Work item: Any images in the material are to be dropped while every line is retyped exactly.

Dataset extract:
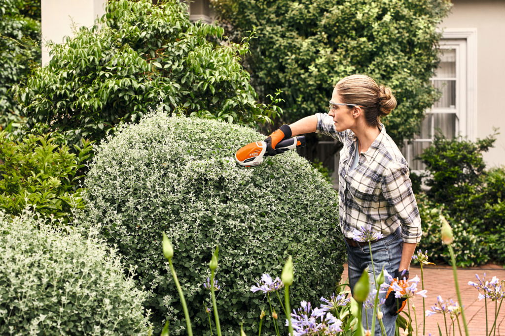 Cortacercos a batería ligero y compacto con cortador de cercos para podar y mantener cercos más pequeños, siempre verdes y árboles ornamentales de hoja pequeña. Cortador de cercos con geometría de cortador STIHL optimizada para una experiencia de corte óptima. Con cortadora de césped, incluso para cortar bordes de césped. Mango de control antideslizante para una ergonomía perfecta, cambio de hoja rápido y sin herramientas e indicador del nivel de carga de la batería para que pueda controlar la capacidad restante de la batería en todo momento. La batería AS 2 funciona exclusivamente con los productos del sistema AS.
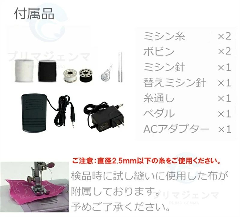 ※試し布が検品で使われて、試し布の上の糸は既に多いので、再び試し布で試す際、線を絡まりやすいです。初めて使用するとき、速やかに試し布を取って、他の布で試してください。
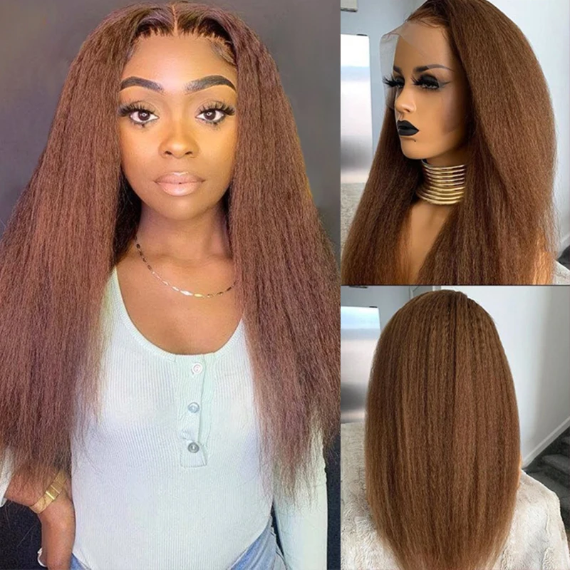 Парики из натуральных волос коричневого цвета, кудрявые прямые бразильские волосы без Реми 4x4, парик с сеткой, Т-образный парик с предварительно выщипанными вставками

Output of the exercise:
 Cortacercos a batería ligero y compacto con cortador de cercos para podar y mantener cercos más pequeños, siempre verdes y árboles ornamentales de hoja pequeña. Cortador de cercos con geometría de cortador STIHL optimizada para una experiencia de corte óptima. Con cortadora de césped, incluso para cortar bordes de césped. Mango de control antideslizante para una ergonomía perfecta, cambio de hoja rápido y sin herramientas e indicador del nivel de carga de la batería para que pueda controlar la capacidad restante de la batería en todo momento. La batería AS 2 funciona exclusivamente con los productos del sistema AS.
 ※試し布が検品で使われて、試し布の上の糸は既に多いので、再び試し布で試す際、線を絡まりやすいです。初めて使用するとき、速やかに試し布を取って、他の布で試してください。
 Парики из натуральных волос коричневого цвета, кудрявые прямые бразильские волосы без Реми 4x4, парик с сеткой, Т-образный парик с предварительно выщипанными вставками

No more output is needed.